Cook with Parsnips – the healthy, but forgotten root vegetable
It’s that time of year, when root vegetables like parsnips rule. But maybe you’ve never thought of parsnips or have never cooked with them before. It’s time to give them a try.
Parsnips are a cousin of the carrot and are a fantastic root vegetable full of nutrients and vitamins.
It is a great source of fiber and vitamin C, providing more than 1/3 of your daily needed dose. It also has iron, magnesium and vitamin B-6. Just because it’s a white vegetable doesn’t mean it’s not full of amazing flavor. I think parsnips show their true color when roasted.

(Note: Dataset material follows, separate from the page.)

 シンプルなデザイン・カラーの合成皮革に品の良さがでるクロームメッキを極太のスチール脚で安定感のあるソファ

This recipe combines the sweetness of parsnips, caramelized leeks, earthy mushrooms and a kick of red pepper.
The leek is a powerful anti-inflammatory food that also contains vitamin A and K. This low-fat vegetarian dinner is easy and satisfying.
While attending the International Food Bloggers Conference, I discovered Oxbow Organic Farm, located in the Snoqualmie Valley. This 25-acre vegetable garden near Carnation sells its produce at farmers markets, restaurants and to weekly subscribers. At the Ballard Farmers Market, I recently picked up a box of vegetables from Oxbow and their parsnips and leeks inspired this recipe.

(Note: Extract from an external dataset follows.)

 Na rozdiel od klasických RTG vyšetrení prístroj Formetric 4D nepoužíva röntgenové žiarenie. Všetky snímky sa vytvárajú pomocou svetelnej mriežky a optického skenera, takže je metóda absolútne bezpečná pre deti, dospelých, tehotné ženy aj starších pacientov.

Hot in the Kitchen: Roasted Parsnips with Leeks and Mushrooms
6 parsnips (medium size)
½ of leek diced
1 cup chopped mushrooms (save time by buying pre-sliced mushrooms)

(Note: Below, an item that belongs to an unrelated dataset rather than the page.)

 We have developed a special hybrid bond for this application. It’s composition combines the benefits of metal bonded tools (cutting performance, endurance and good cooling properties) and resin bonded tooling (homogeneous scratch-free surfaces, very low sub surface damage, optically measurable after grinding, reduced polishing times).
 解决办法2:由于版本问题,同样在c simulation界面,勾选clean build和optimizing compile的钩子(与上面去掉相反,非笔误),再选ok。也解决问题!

2 tablespoons extra virgin olive oil
1 teaspoon salt
¼ teaspoon hot red pepper flakes
¼ teaspoon black pepper
Preheat oven to 425 degrees. Peal parsnips and cut into one inch by two inch pieces. Clean leek by slicing it lengthwise from about ½ inch away the root through to the green ends. Rinse the leek under running water to remove dirt. Pat dry and dice ½ leek. Mix parsnips, leek, mushrooms, olive oil, salt, hot pepper flakes and black pepper in bowl. Cover large baking sheet with aluminum foil. Pour vegetables onto sheet and spread out as thin as possible. Cook in oven for a total of 22 minutes, stirring and turning vegetables at 11 minutes. Optional: sprinkle a pinch of applewood smoked sea salt on top of dish.